[Collected data]

□ □ □ □ □ □ □

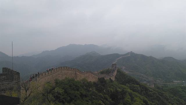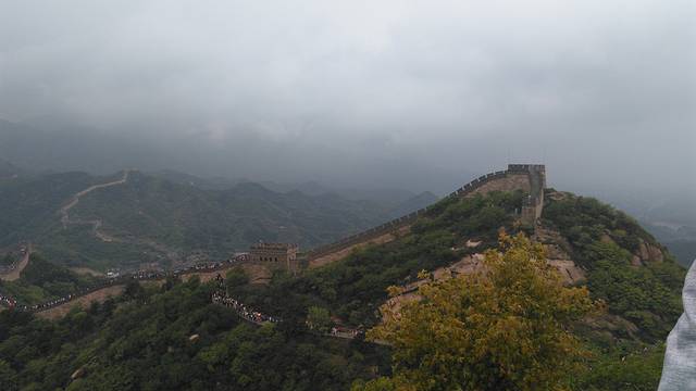阴雨天,连绵起伏山岳上的长城,显得有些殷柔美,失却了想象中的雄伟壮观。
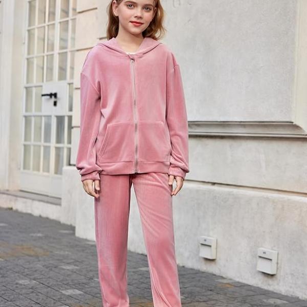 TIPS: Girls velour tracksuit fit are regular , not slim. For wearing effect, please refer to the details of the model's height and weight. If you like loose fit, we recommended buying a large size.
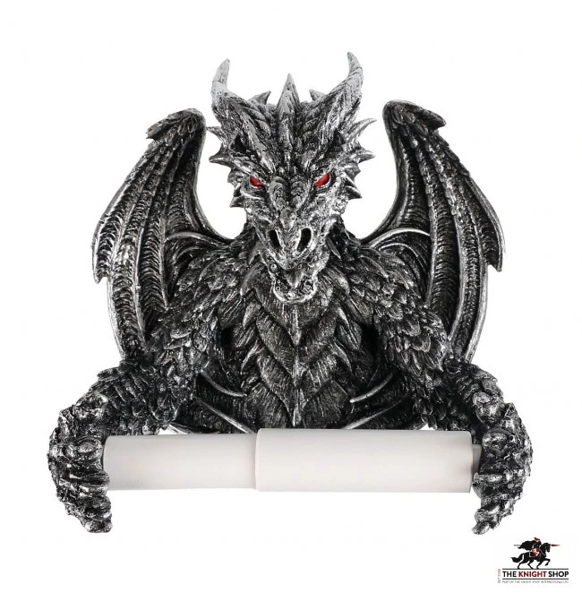 The pewter-coloured beast sits as if protecting his hoard. His head facing straight ahead with bright red eyes staring forwards. His arms, covered in intricate scales, form the holders for the cylindrical paper holder. His large wings are spread behind him creating the perfect back piece.
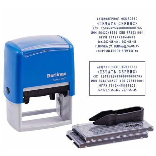 Штамп самонаборный Berlingo "Printer 8027", 8 стр, б/рамки, 6 стр с рамкой, 2 кассы, пластик, 60*40 мм
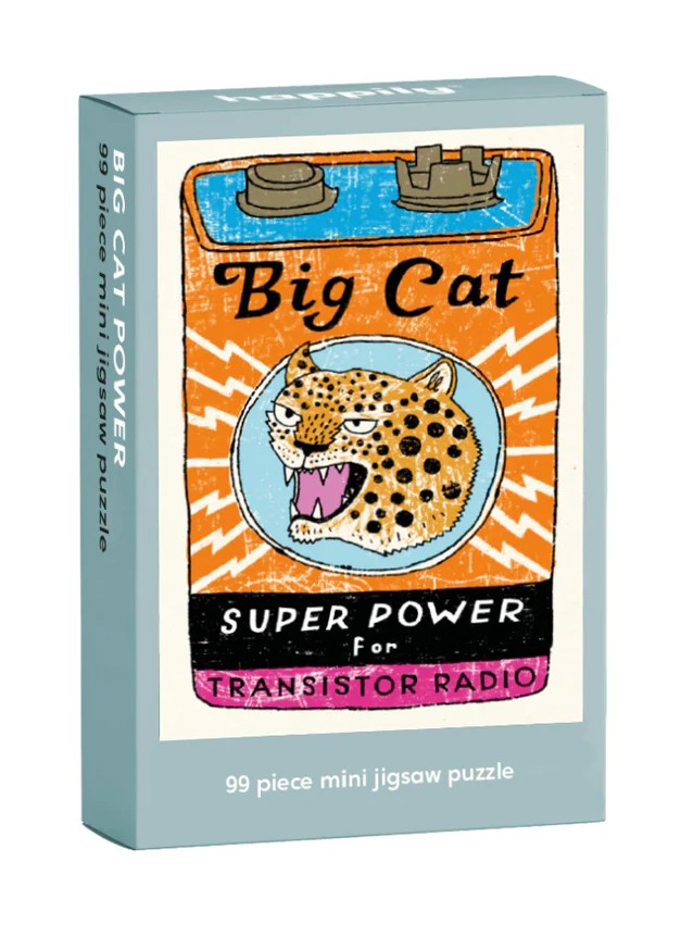 This 99 Piece Mini Jigsaw Puzzle features a fun cat-themed illustration by Charlotte Farmer. "Big Cat Power" is the quintessential gift for cat lovers and avid puzzlers alike!
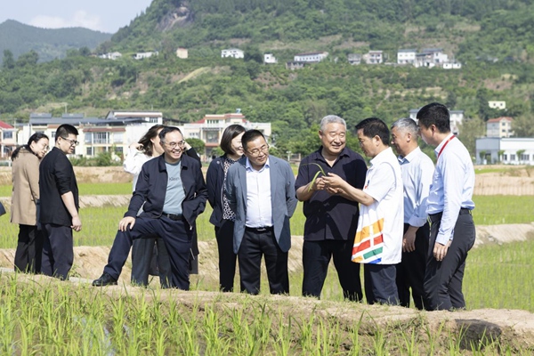 陳溫福院士一行查看水稻生長情況。重慶市人力社保局供圖

□ □ □ □ □ □ □

TASK REQUIREMENTS:
What is needed is an exact repeat of every entry above, with the pictures left out.

ANSWER BOX:
阴雨天,连绵起伏山岳上的长城,显得有些殷柔美,失却了想象中的雄伟壮观。
 TIPS: Girls velour tracksuit fit are regular , not slim. For wearing effect, please refer to the details of the model's height and weight. If you like loose fit, we recommended buying a large size.
 The pewter-coloured beast sits as if protecting his hoard. His head facing straight ahead with bright red eyes staring forwards. His arms, covered in intricate scales, form the holders for the cylindrical paper holder. His large wings are spread behind him creating the perfect back piece.
 Штамп самонаборный Berlingo "Printer 8027", 8 стр, б/рамки, 6 стр с рамкой, 2 кассы, пластик, 60*40 мм
 This 99 Piece Mini Jigsaw Puzzle features a fun cat-themed illustration by Charlotte Farmer. "Big Cat Power" is the quintessential gift for cat lovers and avid puzzlers alike!
 陳溫福院士一行查看水稻生長情況。重慶市人力社保局供圖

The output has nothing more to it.